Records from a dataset
───
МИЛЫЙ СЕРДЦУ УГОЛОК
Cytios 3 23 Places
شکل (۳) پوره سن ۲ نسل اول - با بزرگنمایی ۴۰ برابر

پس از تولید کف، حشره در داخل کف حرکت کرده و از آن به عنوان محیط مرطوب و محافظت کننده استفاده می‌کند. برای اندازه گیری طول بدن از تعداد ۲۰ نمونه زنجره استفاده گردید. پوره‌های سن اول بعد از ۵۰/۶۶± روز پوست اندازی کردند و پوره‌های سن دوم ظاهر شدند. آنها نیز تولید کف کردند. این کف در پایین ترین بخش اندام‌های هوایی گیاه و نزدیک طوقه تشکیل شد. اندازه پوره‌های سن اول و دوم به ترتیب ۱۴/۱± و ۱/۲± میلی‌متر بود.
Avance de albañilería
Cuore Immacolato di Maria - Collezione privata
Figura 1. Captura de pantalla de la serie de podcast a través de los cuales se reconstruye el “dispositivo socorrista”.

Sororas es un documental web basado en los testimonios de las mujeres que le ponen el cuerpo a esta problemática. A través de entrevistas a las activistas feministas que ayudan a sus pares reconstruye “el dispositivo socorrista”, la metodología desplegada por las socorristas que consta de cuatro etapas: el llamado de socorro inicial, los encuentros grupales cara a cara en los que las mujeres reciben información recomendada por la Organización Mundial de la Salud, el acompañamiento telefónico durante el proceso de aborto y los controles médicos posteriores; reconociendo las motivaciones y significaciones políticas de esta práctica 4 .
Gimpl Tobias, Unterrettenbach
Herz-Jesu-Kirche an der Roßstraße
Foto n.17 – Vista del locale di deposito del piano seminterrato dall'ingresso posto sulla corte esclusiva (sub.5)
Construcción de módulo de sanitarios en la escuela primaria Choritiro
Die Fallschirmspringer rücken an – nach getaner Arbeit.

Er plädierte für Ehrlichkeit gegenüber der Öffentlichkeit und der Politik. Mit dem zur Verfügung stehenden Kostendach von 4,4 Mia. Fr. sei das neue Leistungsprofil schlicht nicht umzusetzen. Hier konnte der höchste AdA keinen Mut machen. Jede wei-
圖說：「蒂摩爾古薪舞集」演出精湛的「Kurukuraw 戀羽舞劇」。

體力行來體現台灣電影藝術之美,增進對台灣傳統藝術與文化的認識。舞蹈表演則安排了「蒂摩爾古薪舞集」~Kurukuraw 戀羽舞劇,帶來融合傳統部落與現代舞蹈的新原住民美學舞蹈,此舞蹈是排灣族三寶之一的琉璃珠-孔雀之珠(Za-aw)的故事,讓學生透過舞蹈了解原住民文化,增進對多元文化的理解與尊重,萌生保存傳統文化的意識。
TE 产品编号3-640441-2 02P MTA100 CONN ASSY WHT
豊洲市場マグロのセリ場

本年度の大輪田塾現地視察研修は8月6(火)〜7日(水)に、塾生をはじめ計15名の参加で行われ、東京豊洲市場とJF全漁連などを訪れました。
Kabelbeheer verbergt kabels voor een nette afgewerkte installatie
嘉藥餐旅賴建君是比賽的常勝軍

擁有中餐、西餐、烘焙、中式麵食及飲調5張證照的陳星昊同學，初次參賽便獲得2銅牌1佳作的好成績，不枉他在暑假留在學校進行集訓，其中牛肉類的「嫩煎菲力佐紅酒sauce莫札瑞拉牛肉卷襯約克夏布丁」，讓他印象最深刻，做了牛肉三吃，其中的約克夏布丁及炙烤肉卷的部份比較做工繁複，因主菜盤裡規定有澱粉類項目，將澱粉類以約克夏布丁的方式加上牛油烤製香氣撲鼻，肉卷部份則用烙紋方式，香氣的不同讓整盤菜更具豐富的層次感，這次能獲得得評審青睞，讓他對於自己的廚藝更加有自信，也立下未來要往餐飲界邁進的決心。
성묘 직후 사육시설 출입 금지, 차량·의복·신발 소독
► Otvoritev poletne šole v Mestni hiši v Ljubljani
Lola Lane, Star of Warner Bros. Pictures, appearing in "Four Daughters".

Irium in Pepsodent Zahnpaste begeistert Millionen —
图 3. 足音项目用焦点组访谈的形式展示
───
Please copy each record shown above exactly.

ANSWER BELOW:
МИЛЫЙ СЕРДЦУ УГОЛОК
Cytios 3 23 Places
شکل (۳) پوره سن ۲ نسل اول - با بزرگنمایی ۴۰ برابر

پس از تولید کف، حشره در داخل کف حرکت کرده و از آن به عنوان محیط مرطوب و محافظت کننده استفاده می‌کند. برای اندازه گیری طول بدن از تعداد ۲۰ نمونه زنجره استفاده گردید. پوره‌های سن اول بعد از ۵۰/۶۶± روز پوست اندازی کردند و پوره‌های سن دوم ظاهر شدند. آنها نیز تولید کف کردند. این کف در پایین ترین بخش اندام‌های هوایی گیاه و نزدیک طوقه تشکیل شد. اندازه پوره‌های سن اول و دوم به ترتیب ۱۴/۱± و ۱/۲± میلی‌متر بود.
Avance de albañilería
Cuore Immacolato di Maria - Collezione privata
Figura 1. Captura de pantalla de la serie de podcast a través de los cuales se reconstruye el “dispositivo socorrista”.

Sororas es un documental web basado en los testimonios de las mujeres que le ponen el cuerpo a esta problemática. A través de entrevistas a las activistas feministas que ayudan a sus pares reconstruye “el dispositivo socorrista”, la metodología desplegada por las socorristas que consta de cuatro etapas: el llamado de socorro inicial, los encuentros grupales cara a cara en los que las mujeres reciben información recomendada por la Organización Mundial de la Salud, el acompañamiento telefónico durante el proceso de aborto y los controles médicos posteriores; reconociendo las motivaciones y significaciones políticas de esta práctica 4 .
Gimpl Tobias, Unterrettenbach
Herz-Jesu-Kirche an der Roßstraße
Foto n.17 – Vista del locale di deposito del piano seminterrato dall'ingresso posto sulla corte esclusiva (sub.5)
Construcción de módulo de sanitarios en la escuela primaria Choritiro
Die Fallschirmspringer rücken an – nach getaner Arbeit.

Er plädierte für Ehrlichkeit gegenüber der Öffentlichkeit und der Politik. Mit dem zur Verfügung stehenden Kostendach von 4,4 Mia. Fr. sei das neue Leistungsprofil schlicht nicht umzusetzen. Hier konnte der höchste AdA keinen Mut machen. Jede wei-
圖說：「蒂摩爾古薪舞集」演出精湛的「Kurukuraw 戀羽舞劇」。

體力行來體現台灣電影藝術之美,增進對台灣傳統藝術與文化的認識。舞蹈表演則安排了「蒂摩爾古薪舞集」~Kurukuraw 戀羽舞劇,帶來融合傳統部落與現代舞蹈的新原住民美學舞蹈,此舞蹈是排灣族三寶之一的琉璃珠-孔雀之珠(Za-aw)的故事,讓學生透過舞蹈了解原住民文化,增進對多元文化的理解與尊重,萌生保存傳統文化的意識。
TE 产品编号3-640441-2 02P MTA100 CONN ASSY WHT
豊洲市場マグロのセリ場

本年度の大輪田塾現地視察研修は8月6(火)〜7日(水)に、塾生をはじめ計15名の参加で行われ、東京豊洲市場とJF全漁連などを訪れました。
Kabelbeheer verbergt kabels voor een nette afgewerkte installatie
嘉藥餐旅賴建君是比賽的常勝軍

擁有中餐、西餐、烘焙、中式麵食及飲調5張證照的陳星昊同學，初次參賽便獲得2銅牌1佳作的好成績，不枉他在暑假留在學校進行集訓，其中牛肉類的「嫩煎菲力佐紅酒sauce莫札瑞拉牛肉卷襯約克夏布丁」，讓他印象最深刻，做了牛肉三吃，其中的約克夏布丁及炙烤肉卷的部份比較做工繁複，因主菜盤裡規定有澱粉類項目，將澱粉類以約克夏布丁的方式加上牛油烤製香氣撲鼻，肉卷部份則用烙紋方式，香氣的不同讓整盤菜更具豐富的層次感，這次能獲得得評審青睞，讓他對於自己的廚藝更加有自信，也立下未來要往餐飲界邁進的決心。
성묘 직후 사육시설 출입 금지, 차량·의복·신발 소독
► Otvoritev poletne šole v Mestni hiši v Ljubljani
Lola Lane, Star of Warner Bros. Pictures, appearing in "Four Daughters".

Irium in Pepsodent Zahnpaste begeistert Millionen —
图 3. 足音项目用焦点组访谈的形式展示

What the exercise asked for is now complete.